We talk to children about a lot of this - stranger danger being one of them but not exclusive...

OneMoreChap · 31/10/2012 08:40

DayShiftDoris

we should be ok about them getting naked in front of a stranger??

I presume the answer you are looking for is no?
I'd say "We should be OK about them behaving within societal norms, male children using the appropriate changing rooms without needing their mother to hover about them"

What do you think? When should ickle boys be sent into menz changing rooms?
16 with a note from their mum? 18?

cory · 31/10/2012 09:26

I like this:

OneMoreChap Wed 31-Oct-12 08:40:22

"I'd say "We should be OK about them behaving within societal norms," "

yyy!

I have a 12yo of my own and it is a time which needs sensitive handling. They have a lot of growing up to do in a short time and you need to give them the space to do it in.

A changing room full of hairy men and their dangling appendages may seem an alien place, to me, but he's not me: he's somebody who is going to be one of those men! A male environment shoudn't seem strange or scary to him. He needs basic self preservation skills, of course, but he'll need those anyway for going round the shops or being around the older boys in secondary school. What he doesn't need is the idea that being around other men is intrinsically dangerous.

DameEnidsOrange · 31/10/2012 09:53

DayShiftDoris

"we should be ok about them getting naked in front of a stranger??"

worse than

we should be ok about girls and women getting naked in front of a stranger of the opposite sex?

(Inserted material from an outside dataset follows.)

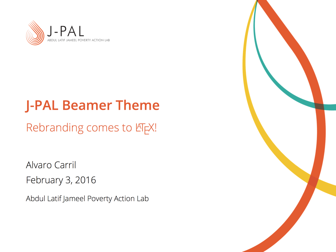 jpaltheme is a LaTeX program for making Beamer presentations that comply with J-PAL's new branding guidelines. It is designed to be easily implemented and tweaked, while mantaining all the advantages of using LaTeX. Check out a screenshot of the title slide:

ICBINEG · 31/10/2012 10:29

onemorechap I meant that if boys are banned from seeing naked female bodies then the only place they will see them is in pornography. Not that we will force them to be thinking about sex every time they see a naked female body...although part of my point is that if you only ever see naked women in porn mags then surely the association is much stronger than if you see naked women all the time in a day to day non-sexualized context....

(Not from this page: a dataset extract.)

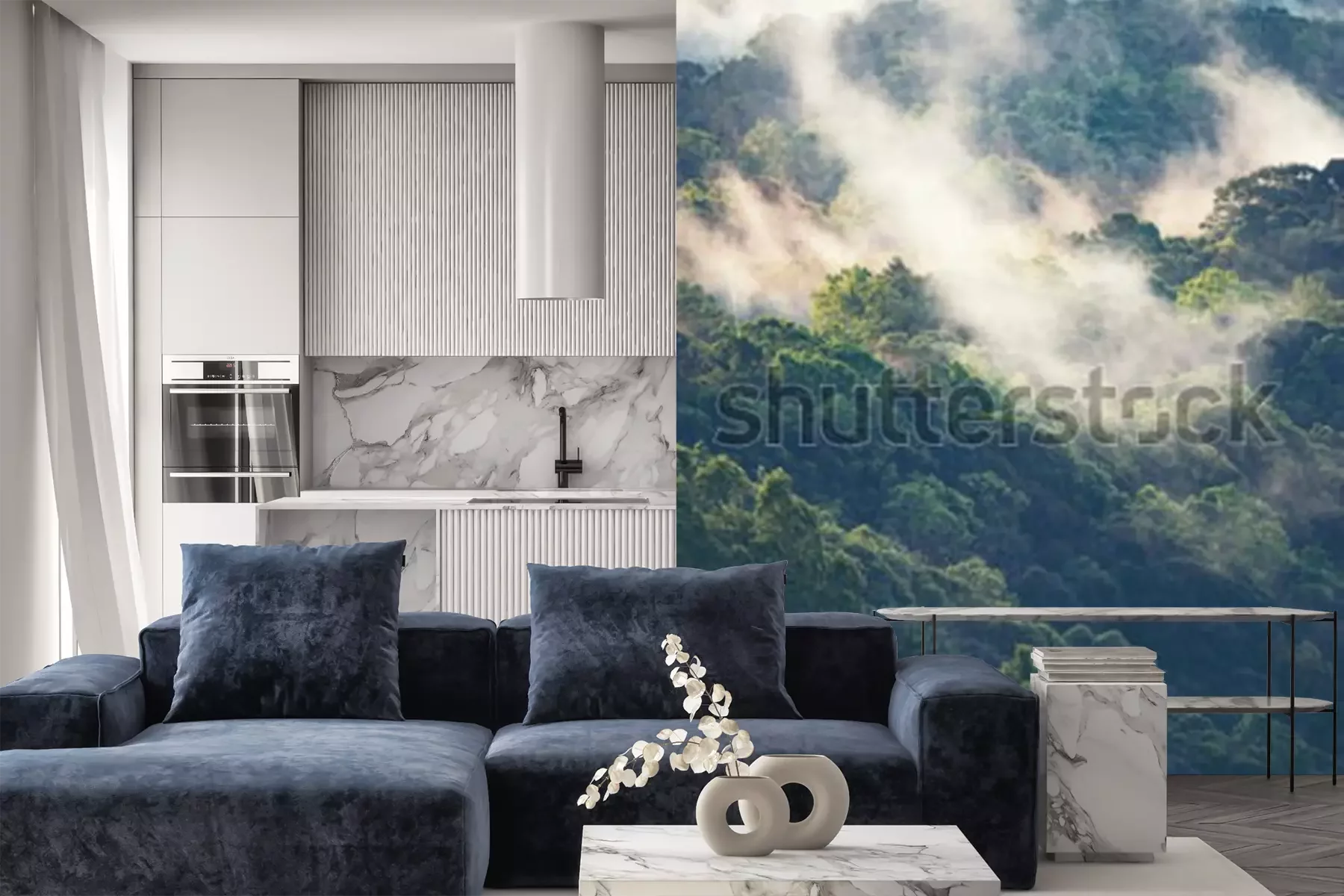 Fototapete Neblige Landschaft von bewaldeten Berghängen

Anyway our CURRENT societal norms certainly suggest that 11 year old boys shouldn't get changed in the womens changing rooms but our FUTURE more enlightened societal norms will almost certainly involve not treating the sight of naked members of the opposite sex as some sort of taboo....because it is at the end of the day totally ridiculous to be ashamed of having a body, or worried that people will see it.

cory · 31/10/2012 10:42

ICVBINEG, I grew up in Sweden where societal norms about naked bodies were considerably more relaxed than in this country and there was no semi-porn in national newspapers. Even so, we had separate changing rooms in junior school because the girls did not like to show their changing bodies to the opposite sex, and even so the boys did their best to peer under cubicles and through high windows. Societal norms are one thing and 11yo boys a totally different things.

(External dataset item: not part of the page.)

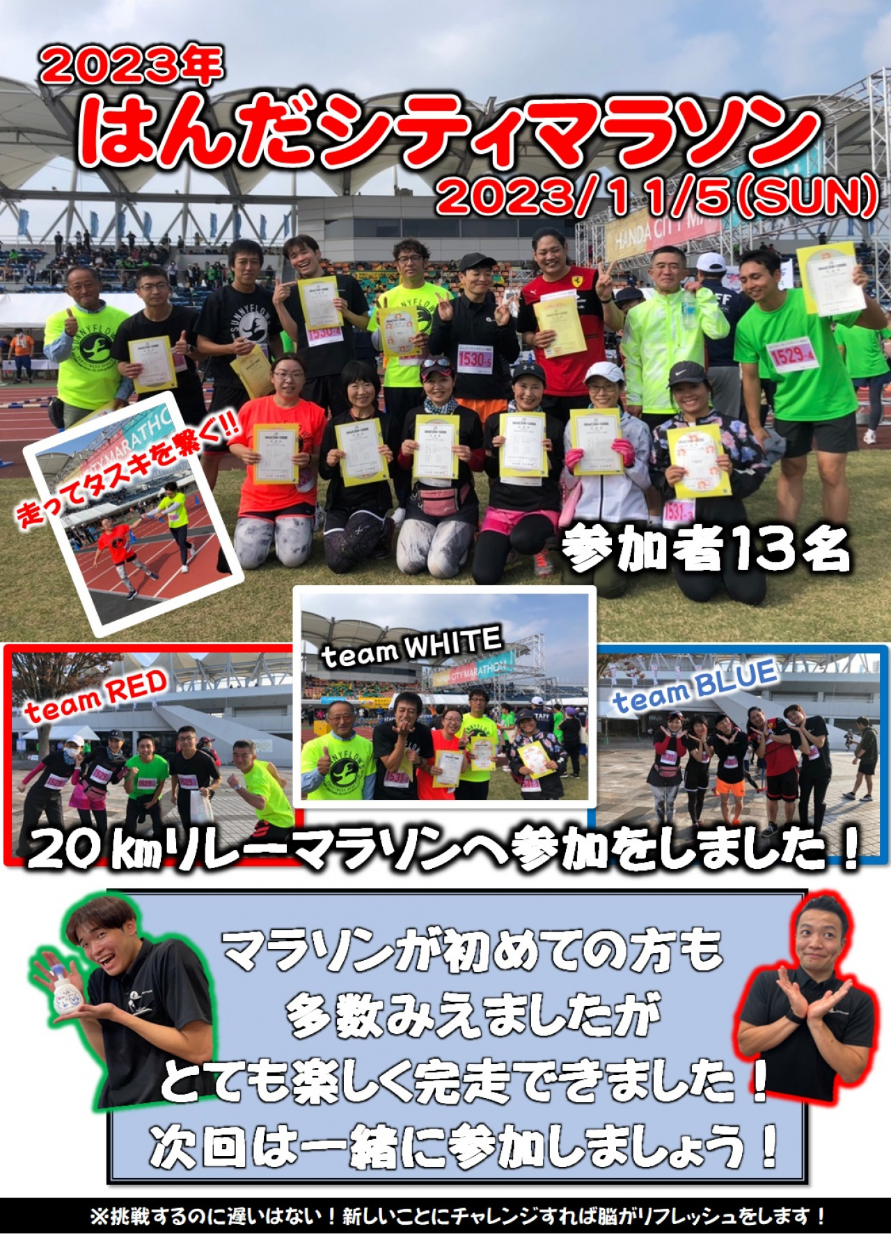 2023年11月5日(日)に半田市運動公園で開催されました「はんだシティマラソン」のリレーマラソンの部門にお客様とスタッフでチームをつくり参加をしました!

You can change a lot of things through a different societal climate but you cannot change the basic fact that puberty is an exciting and disturbing thing for young boys- hormones don't disappear if you ban porn. And if something makes young girls feel uncomfortable they have a right to have that respected- how else are you going to teach them to keep safe from exploitation?

cory · 31/10/2012 10:43

I am as anxious as the next person that my 12yo should grow up with a healthy attitude to the human body but I will not have his female school-friends used as teaching aids. They are people in their own right and have a right to have their feelings respected.

OneMoreChap · 31/10/2012 10:44

ICBINEG
I meant that if boys are banned from seeing naked female bodies then the only place they will see them is in pornography.

Hmm. Google "naked female body" and you'll see stock photos, are they pornographic? Art galleries, museums, educational videos. Do kids still play "doctors and nurses"?

Whatever the answers, allowing your 11 year old male child to see other naked women without their permission is completely inappropriate.